Racism does still exist amongst the feable minded. Not everyone, as you claim.

For example, in today's highly mobile world how does one distinguish who to fear? Do you feel discriminatory of a person who is very light skinned, the product of a "white" father and a "black" mother? Do you adopt the one eighth rule of the 19th century?

Living in today's South, I've seen a great many "racist" grandparents become suddenly not so racist when their own grandchildern are born of "mixed" race. True racists are rare these days. But, unfortunately, alot of the racists have been replaced by xenophobs. People who think that because someone was born in Mexico, or China, or Greece, that "they" are out to "take over".

Xenophobia is the real problem these days.
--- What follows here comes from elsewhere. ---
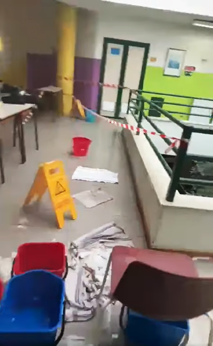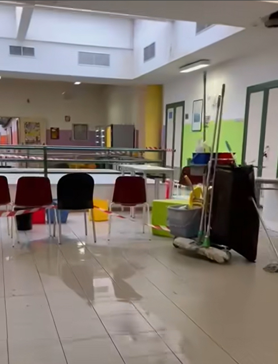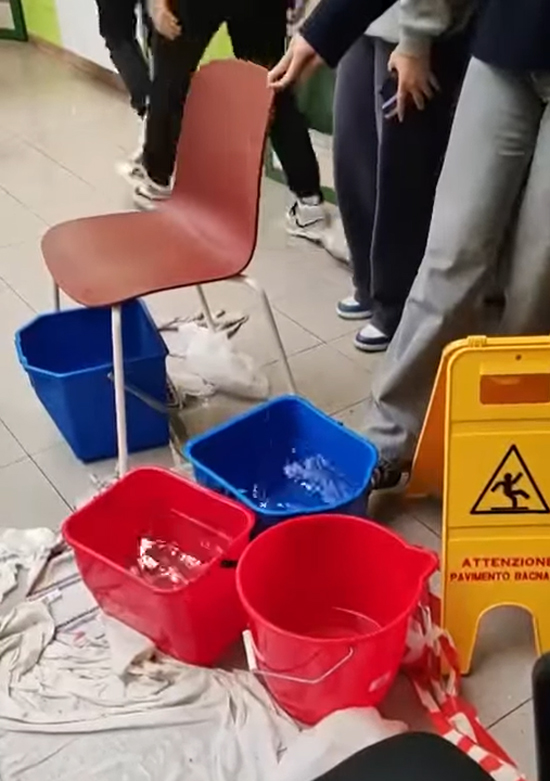 Secchi d’acqua e stracci al Corridoni Campana, giovedì scorso dopo una giornata di pioggia
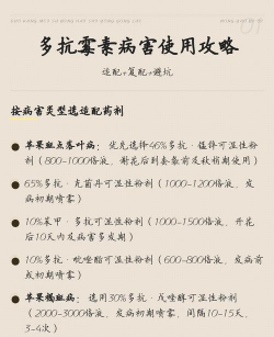 3、在治疗苹果斑点落叶病时,可每亩用10%可湿性粉剂1000-2000倍液,一般在春梢生长初期喷药,每隔1周喷1次即可。还可以把药剂与波尔多液药剂交替使用,防治效果更好。

Just look at the Republican candidates pandering to that crowd. My fence will be bigger than yours. All immigrants are criminals to them. They are "illegal". Law breakers that must be punished. But let's not reconsider the law.

Henry

I never claimed that everyone was racist. Reread my comment again if you want. Never said it.

I think your question of 'how do we decide who to fear?' is pretty odd. We don't get to decide. It's all in our heads already, that is, the imprint of society, family, upbringing, friends, etc, and we don't get to change that stuff that's already there; our prejudices, that is. What we DO get to decide is how to react and deal with those prejudices, at least to a large extent I think. And it is possible to overcome our prejudices! We just have to be honest about how we feel (how a white person interacts with a black person versus a white person, for example) and go from there. That is, not let prejudice(s) control how we interact with anyone. The fact that you're saying racist grandparents from the South have overcome their prejudice makes me think: how deeply ingrained was their racism? I guess not so deep that they would disown their grandchildren. But still, I think you have to just make sure you're not reacting based on prejudice, which takes some thought and compassion.

I had this thought a while ago and I think it is appropriate to share here: It is every individual's responsibility to deal with his or her own racism.

Van Brunt

You guys are good! This article best represents the reason I come here first thing every afternoon to catch up on "what's happening." Thanks.